→ **PROBLEM STATEMENT**
Skip pictures in the listing below; copy exactly the lines from the one with "Обеденная группа предназначена" through the one with "Este sencillo y", inclusive.
[PROVIDED DATA Boundary: Start]
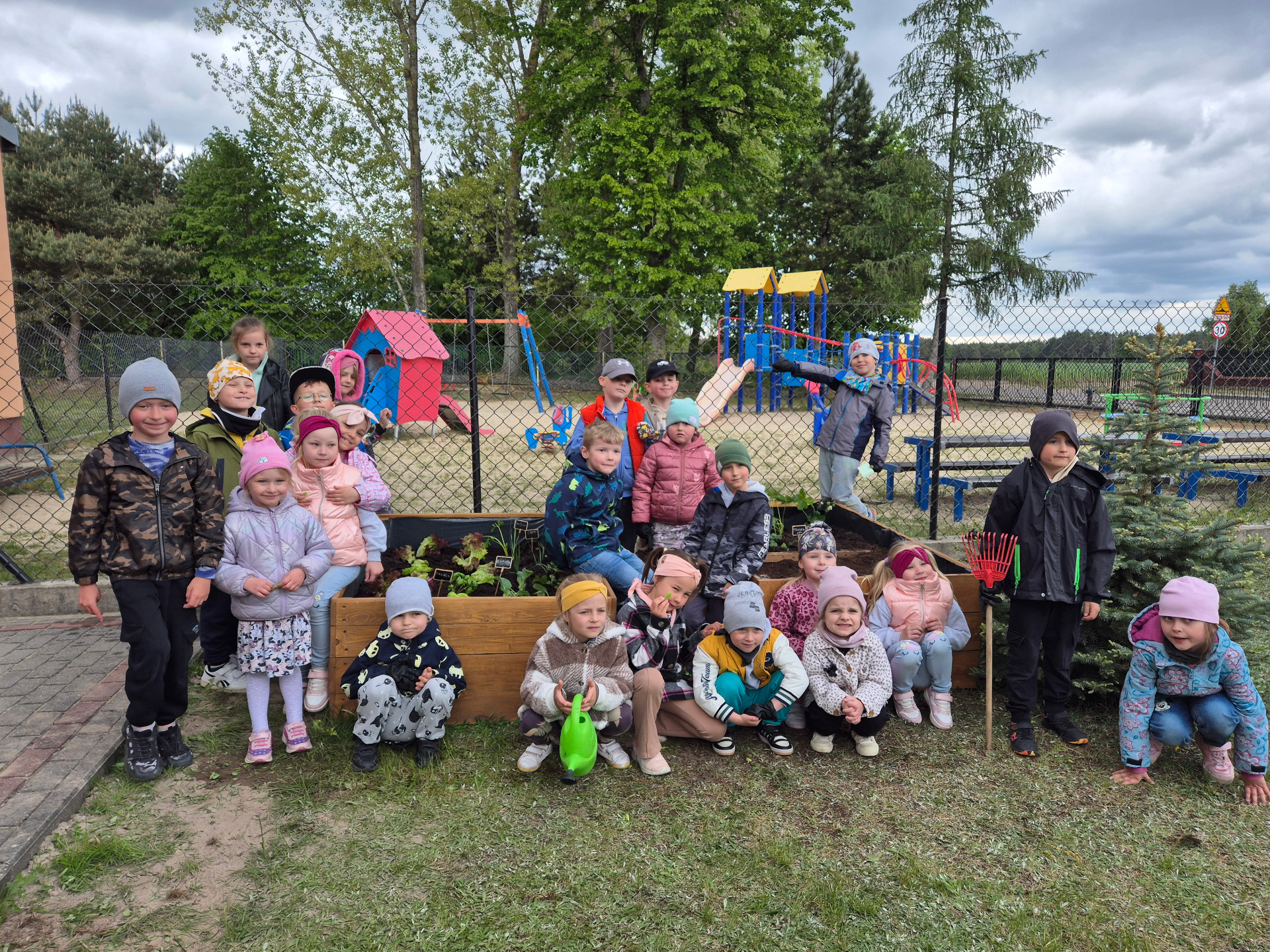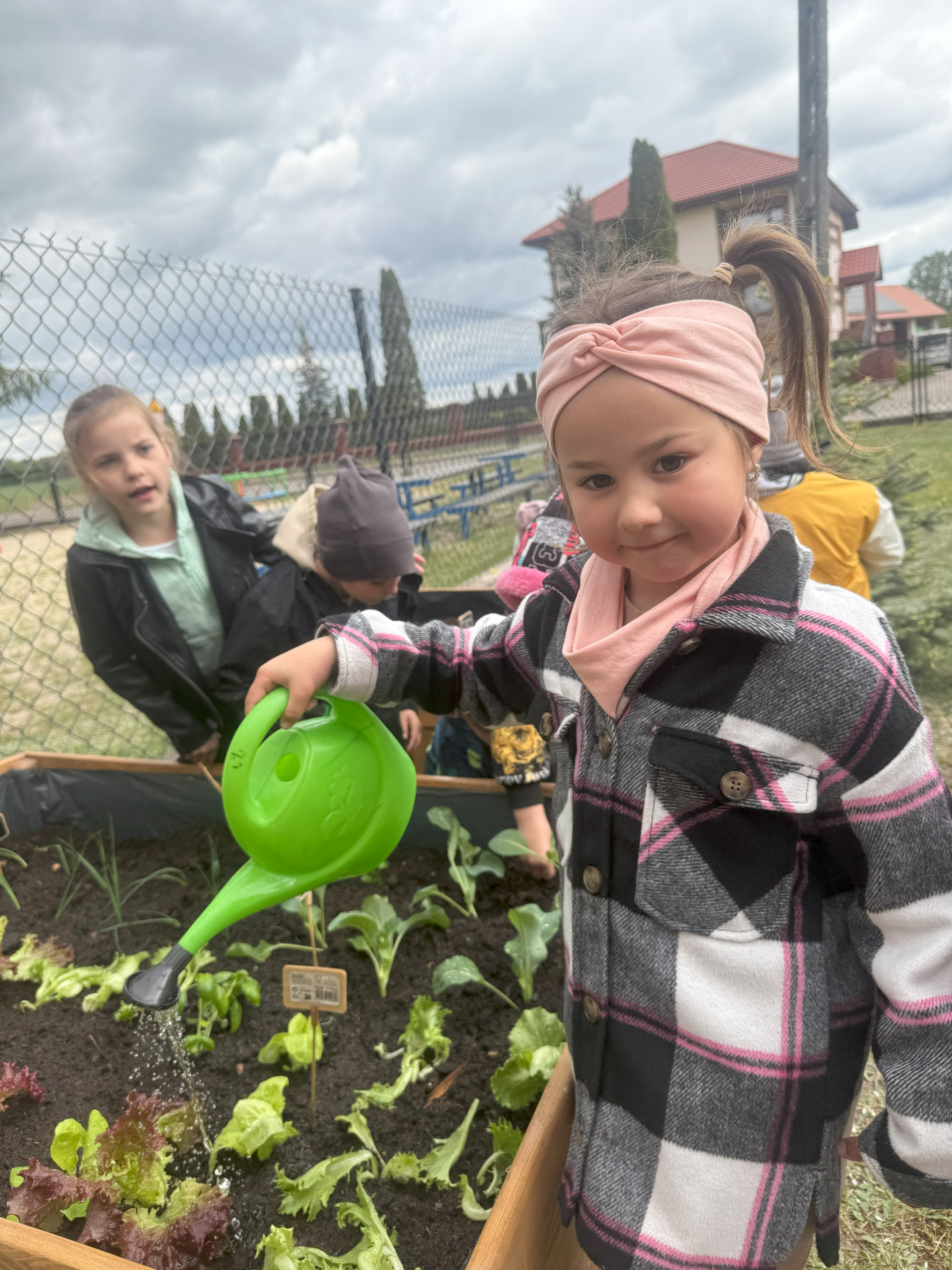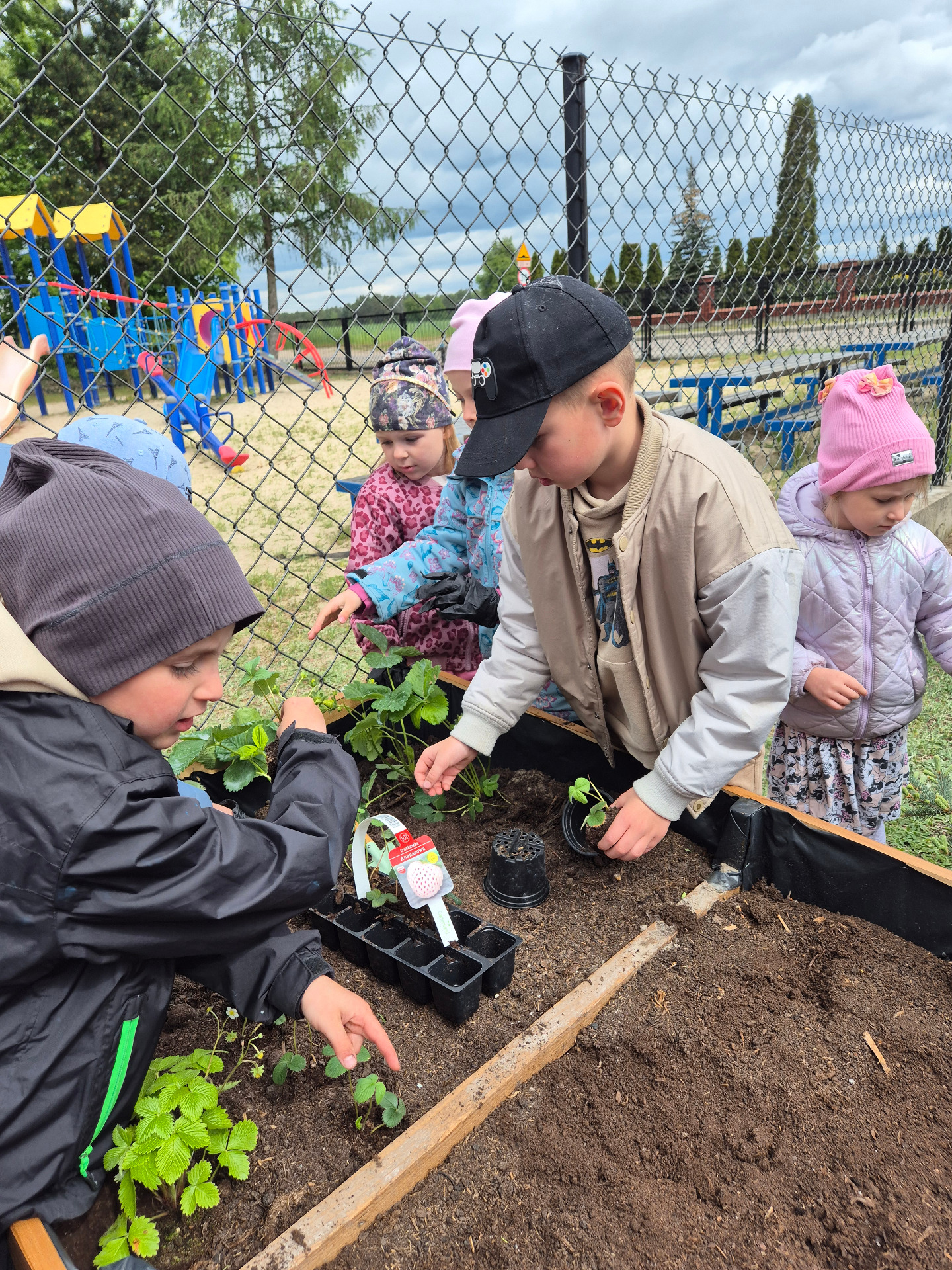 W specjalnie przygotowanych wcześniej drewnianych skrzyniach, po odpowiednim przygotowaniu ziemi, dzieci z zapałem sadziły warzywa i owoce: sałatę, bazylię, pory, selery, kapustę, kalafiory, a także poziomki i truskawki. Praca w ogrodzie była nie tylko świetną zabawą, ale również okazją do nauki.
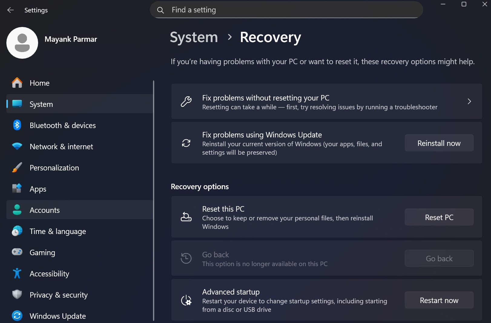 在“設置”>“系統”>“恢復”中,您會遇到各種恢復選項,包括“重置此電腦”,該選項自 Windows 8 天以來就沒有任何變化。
[PROVIDED DATA Boundary: End]
[PROVIDED DATA Boundary: Start]
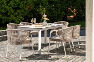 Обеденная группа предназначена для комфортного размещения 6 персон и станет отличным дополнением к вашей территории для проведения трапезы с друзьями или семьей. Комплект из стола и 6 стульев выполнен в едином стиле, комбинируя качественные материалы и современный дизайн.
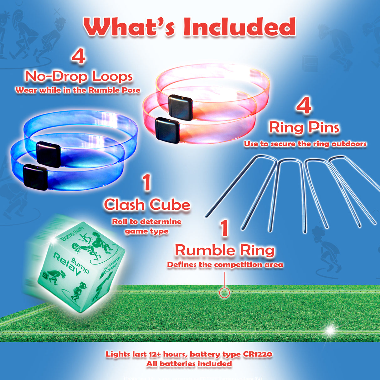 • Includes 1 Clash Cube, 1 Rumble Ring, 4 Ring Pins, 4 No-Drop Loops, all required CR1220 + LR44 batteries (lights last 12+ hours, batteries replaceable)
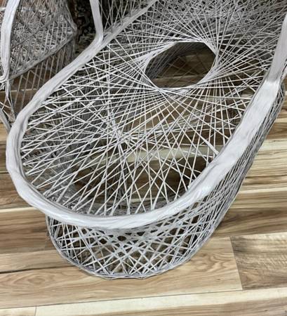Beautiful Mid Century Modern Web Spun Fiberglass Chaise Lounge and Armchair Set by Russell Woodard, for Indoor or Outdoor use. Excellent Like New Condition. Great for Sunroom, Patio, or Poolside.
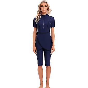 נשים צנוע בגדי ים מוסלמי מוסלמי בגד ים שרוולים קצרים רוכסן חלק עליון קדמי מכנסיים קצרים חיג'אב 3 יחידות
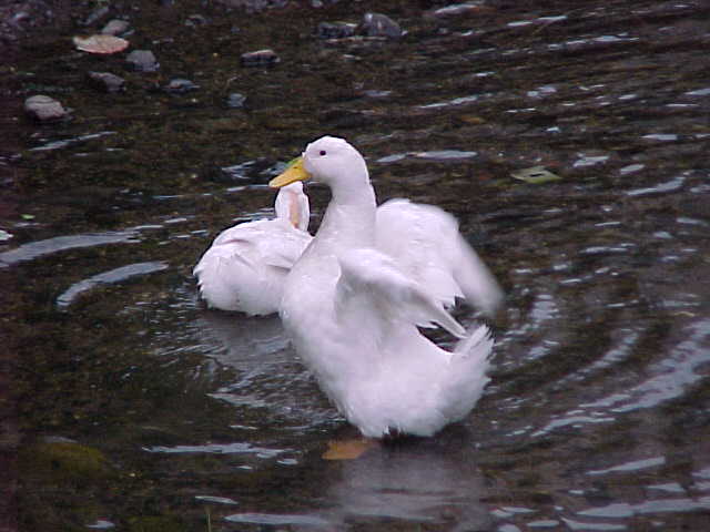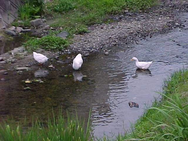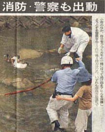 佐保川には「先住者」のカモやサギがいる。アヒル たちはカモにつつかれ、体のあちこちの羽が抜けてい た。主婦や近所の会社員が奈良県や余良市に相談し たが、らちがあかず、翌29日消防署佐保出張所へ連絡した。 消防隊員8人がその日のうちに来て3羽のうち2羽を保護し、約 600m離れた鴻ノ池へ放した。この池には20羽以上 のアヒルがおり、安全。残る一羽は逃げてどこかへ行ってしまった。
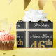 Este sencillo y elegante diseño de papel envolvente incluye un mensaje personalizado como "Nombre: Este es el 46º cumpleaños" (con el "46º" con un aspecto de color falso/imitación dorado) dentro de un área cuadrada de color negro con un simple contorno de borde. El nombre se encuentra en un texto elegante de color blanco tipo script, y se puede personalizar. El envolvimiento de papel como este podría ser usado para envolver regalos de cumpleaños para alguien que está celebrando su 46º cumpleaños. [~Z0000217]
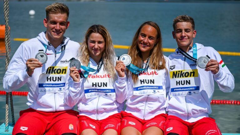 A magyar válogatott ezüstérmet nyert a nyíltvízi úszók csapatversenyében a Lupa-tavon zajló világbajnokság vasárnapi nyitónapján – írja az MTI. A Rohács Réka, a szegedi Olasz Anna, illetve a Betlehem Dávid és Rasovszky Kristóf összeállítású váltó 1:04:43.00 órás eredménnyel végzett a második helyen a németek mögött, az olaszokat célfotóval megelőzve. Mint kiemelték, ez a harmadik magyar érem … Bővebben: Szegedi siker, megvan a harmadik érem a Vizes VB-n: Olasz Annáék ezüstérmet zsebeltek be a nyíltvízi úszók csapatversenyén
[PROVIDED DATA Boundary: End]
→ **RESULT FOR THIS TASK**
 Обеденная группа предназначена для комфортного размещения 6 персон и станет отличным дополнением к вашей территории для проведения трапезы с друзьями или семьей. Комплект из стола и 6 стульев выполнен в едином стиле, комбинируя качественные материалы и современный дизайн.
 • Includes 1 Clash Cube, 1 Rumble Ring, 4 Ring Pins, 4 No-Drop Loops, all required CR1220 + LR44 batteries (lights last 12+ hours, batteries replaceable)
Beautiful Mid Century Modern Web Spun Fiberglass Chaise Lounge and Armchair Set by Russell Woodard, for Indoor or Outdoor use. Excellent Like New Condition. Great for Sunroom, Patio, or Poolside.
 נשים צנוע בגדי ים מוסלמי מוסלמי בגד ים שרוולים קצרים רוכסן חלק עליון קדמי מכנסיים קצרים חיג'אב 3 יחידות
 佐保川には「先住者」のカモやサギがいる。アヒル たちはカモにつつかれ、体のあちこちの羽が抜けてい た。主婦や近所の会社員が奈良県や余良市に相談し たが、らちがあかず、翌29日消防署佐保出張所へ連絡した。 消防隊員8人がその日のうちに来て3羽のうち2羽を保護し、約 600m離れた鴻ノ池へ放した。この池には20羽以上 のアヒルがおり、安全。残る一羽は逃げてどこかへ行ってしまった。
 Este sencillo y elegante diseño de papel envolvente incluye un mensaje personalizado como "Nombre: Este es el 46º cumpleaños" (con el "46º" con un aspecto de color falso/imitación dorado) dentro de un área cuadrada de color negro con un simple contorno de borde. El nombre se encuentra en un texto elegante de color blanco tipo script, y se puede personalizar. El envolvimiento de papel como este podría ser usado para envolver regalos de cumpleaños para alguien que está celebrando su 46º cumpleaños. [~Z0000217]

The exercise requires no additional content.